When shopping, wipe down shopping cart handles.

When at work, especially if you share a work area with others, wipe down your work area before the start of your shift.  Don’t trust that the cleaning person did that. Cleaning people empty trash cans, vacuum, etc. But they usually don’t wipe down desks, phones, computer keyboards, computer mice, etc.

Don’t forget the kitchen sponge

MythBusters Episode 135: Hidden Nasties

“Many objects that people touch every day are dirtier than a toilet seat.”

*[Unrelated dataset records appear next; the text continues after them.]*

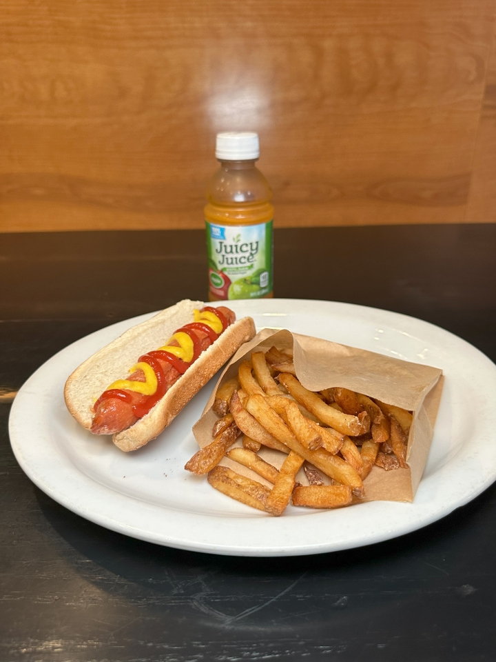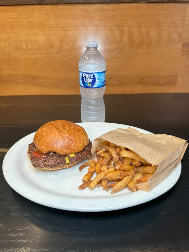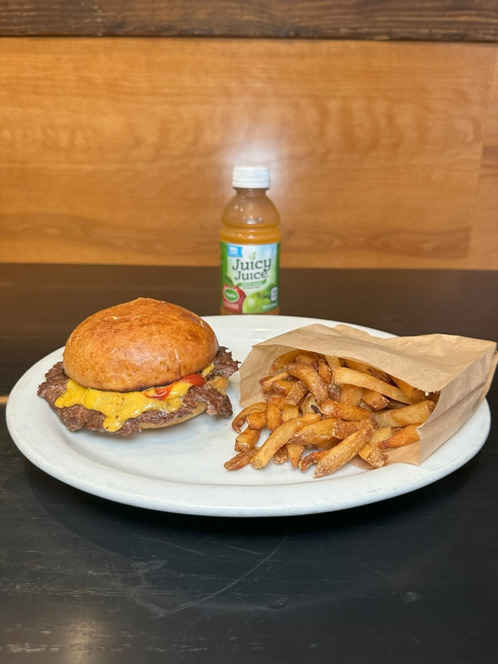 A Single Smashed Beef Patty, a Slice of Melted American Cheddar Cheese with Ketchup, and Yellow Mustard on a toasted Brioche Bun. *Sorry No Add-ons or Substitutions. Must be age 12 and Under.
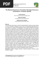 Exploration in Translation Strategies by Dr. Ali R. Al-Hassnawi Language & Translation Expert of OAC Traditionally, translation has beenand is still beingtaught as an autonomous academic subject. This is at least the situation in most of the Arab academic institutions where translation teaching is deprived of the implications, approaches, findings and insights of foreign language teaching practices. Being fully aware of distinction between the two fields, I would argue in favor of integrating foreign language teaching programs with those of professional translators' training for the benefit of both. This argument of integration is based on the thesis that foreign language learners and professional translation trainees develop similar hypotheses about their tasks and pass through similar transitional stages of linguistic development and production. Collectively, the former is called 'Interlanguage' while the latter is what I would like to call 'Translanguage'. Based on this thesis, fruitful integration between programs of foreign language teaching and professional translators' training may occur. 1. Introduction: The debate on the interaction between foreign language (FL) learning and translation as two bilingual processes has been going on since the establishment of these two endeavors as intellectual disciplines. It has often been based on the assumption that translation is an inevitable instinctive part of the way the mind approaches a FL while a translator seeks to go further into the target language (TL) than what the learner wants to do into the FL. Also, and despite the fact that both the FL learner and translator are moving towards the same target, there is a very crucial difference between the two: FL learners move along a transitional (constantly variable) continuum in search of being competent bilinguals. By contrast, a translator has already reached that destination of being a competent bilingual proxy who carries out the task of connecting the target language (TL) reader to the source text (ST). Providing empirical evidence to this statement constitutes one of the objectives of this paper. By analyzing several samples of FL learners' and translators' products, it would become obvious that both practitioners move along the same communicative continuum, though having different intentions, falling under dissimilar conditions and pressures and paying off different loyalties.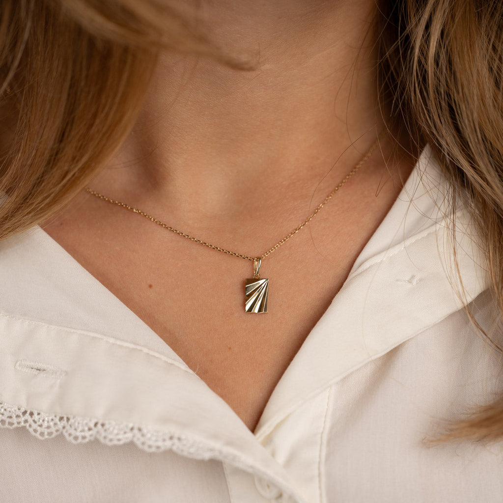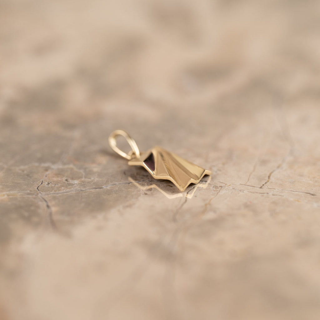 Anhenget er laget i 100% resirkulert 9 karat massivt gull. Anhenget er utformet med fine foldede detaljer, som gjør at anhenget skiller seg ut på en elegant måte.

Count according to the number of microorganisms:

  1. Kitchen sponge (the worst, most colonies)
  2. Money
  3. Light switch
  4. Computer keyboard
  5. Hotel remote
  6. Shopping cart
  7. Cell phone
  8. toilet seat (fewest colonies)

Order according to the harmfulness of the microorganisms:

  1. Kitchen sponge (most nasty)
  2. Money
  3. Light switch
  4. Computer keyboard
  5. Toilet seat
  6. Cell phone
  7. Shopping cart
  8. Hotel remote (least nasty)

Random real-life testing from the homes of biology students at the University of Berkeley:

  1. Kitchen sponge (most dirty)
  2. Money
  3. Computer keyboard
  4. Toilet seat
  5. Light switch (least dirty)


There are no guarantees about anything, but even with “just the cold and flu”, being aware of your surroundings, plain old common sense, and taking responsibility for things that you can take responsibility for, you can go a long way in “beating the house” in protecting yourself and your family from the Coronavirus and even a regular common cold or flu.